Day 3 and 4 we took Gumps boat and moved south to Big Pine Key, and stayed at a lodge near the No Name Pub. We had heard about the Worm hatch and were on the lookout around Bahia Honda Key. Day 3, around dusk, we saw a few worms and saw 20-30 Tarpon rolling around the the bridges. We wanted to fish, but a huge thunderstorm was bearing down on us so we raced back to the camp and watched it rain sideways for half and hour. Day 4 we fished the evening with live crabs and hooked two more Tarpon in the 100+lb range. Again we got some great shots.


----------



## flynut (Jun 30, 2009)

*tarpon*

thanks for sharing. i want to fish that area real bad. what did the guide run you?


----------



## 737flynfish (May 1, 2007)

My bud is friends with the guide who lives around Melbourn beach. Frank rents a house every year for 2 months in the keys and has standing reservations from repeat clients. He had a cancelation for 2 days that he offered to us. We stayed at his house 2 nights and fished 2 days. I think it was 5-600 a piece include a good tip.
Frank is a great guide, has 3 boats to suite the situation. Mosquito lagoon would also be a great trip!
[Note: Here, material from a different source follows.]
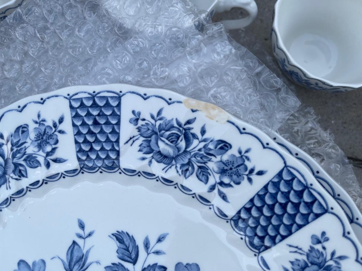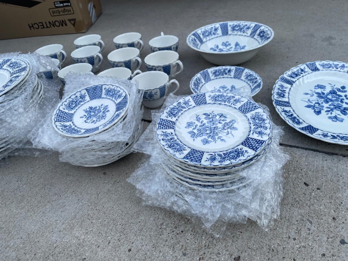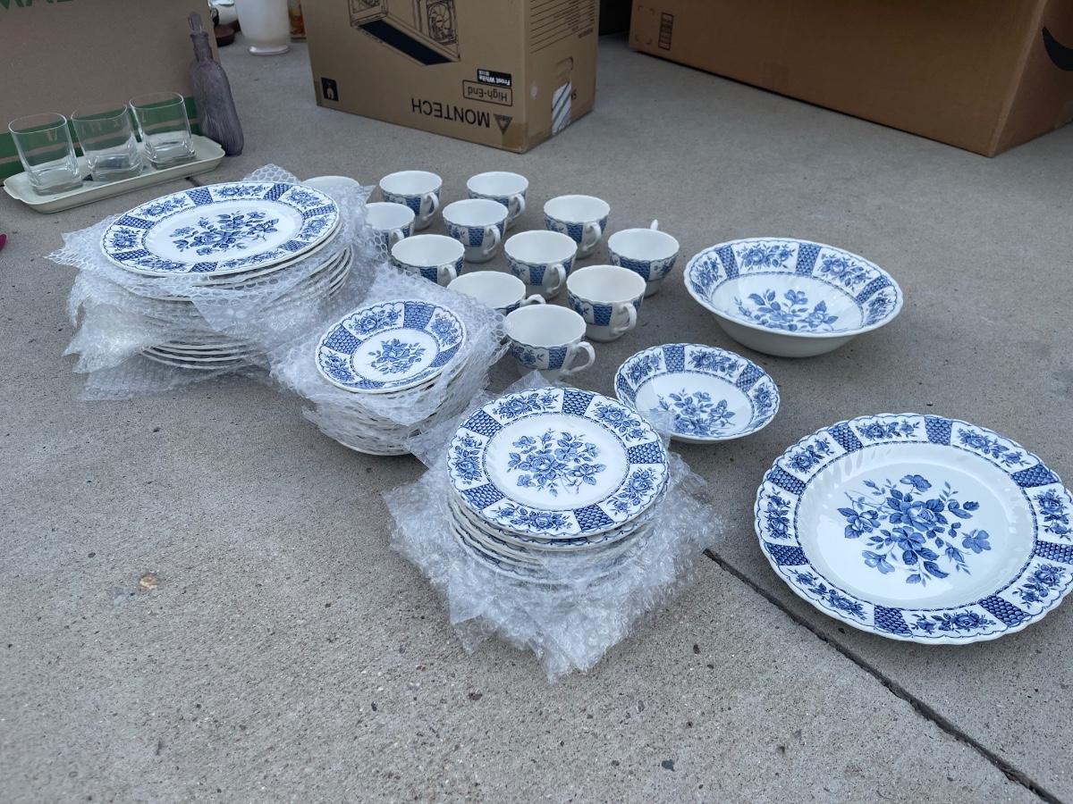 Franciscan "Melody" Dinnerware Set (57 pieces total). 14 place settings including dinner plate, side plate, cup and saucer. Missing 2 cups, 12 total. Also includes 1 platter, 1 serving bowl, and 1 small bowl. A few small chips here and there, but mostly in good condition.

Here is his info. 

Frank Catino
Fly Fishing Guide
(321) 223-7700


----------



## Captain Dave (Jul 19, 2006)

Excellent e Pics.. I have seen similar in that hole. Wish we could feech it sometime. Thanks for sharing


----------



## conk jr (Jun 11, 2010)

awesome pics


----------



## TopAholic (Mar 11, 2005)

very nice!!! Thanks for sharing!


----------



## 2catsfishin (Jun 27, 2010)

nice fish you got there


----------



## REELING 65 (Aug 18, 2009)

Real nice Tarpon pic's. Congrats!


----------



## mozingo1952 (Sep 29, 2004)

I have fished the Bahia Honda area several times. It is cool to be
fishing 5 minutes from the dock. One night, just outside that missing 
bridge span in your picture , the tarpon were busting all over the 
surface, not rolling , but busting bait like crazy . It lasted long enough 
for us to catch a couple, then shut down.

MO


----------



## 737flynfish (May 1, 2007)

Just finalized plans to spend 6 days fishing the keys next May. 2 days with the guide Frank in _Islamorada_ , 2 or 3 on my friends boat, around Bahia Honda, and maybe a day fishing the reefs and wrecks for dinner fish! Cant wait to get a **** stuck to the end on a loomis 11wt.​


----------



## promark03 (Dec 17, 2010)

Cool stuff. I need to go out with a guide one day. I still haven't caught a Tarpon.


----------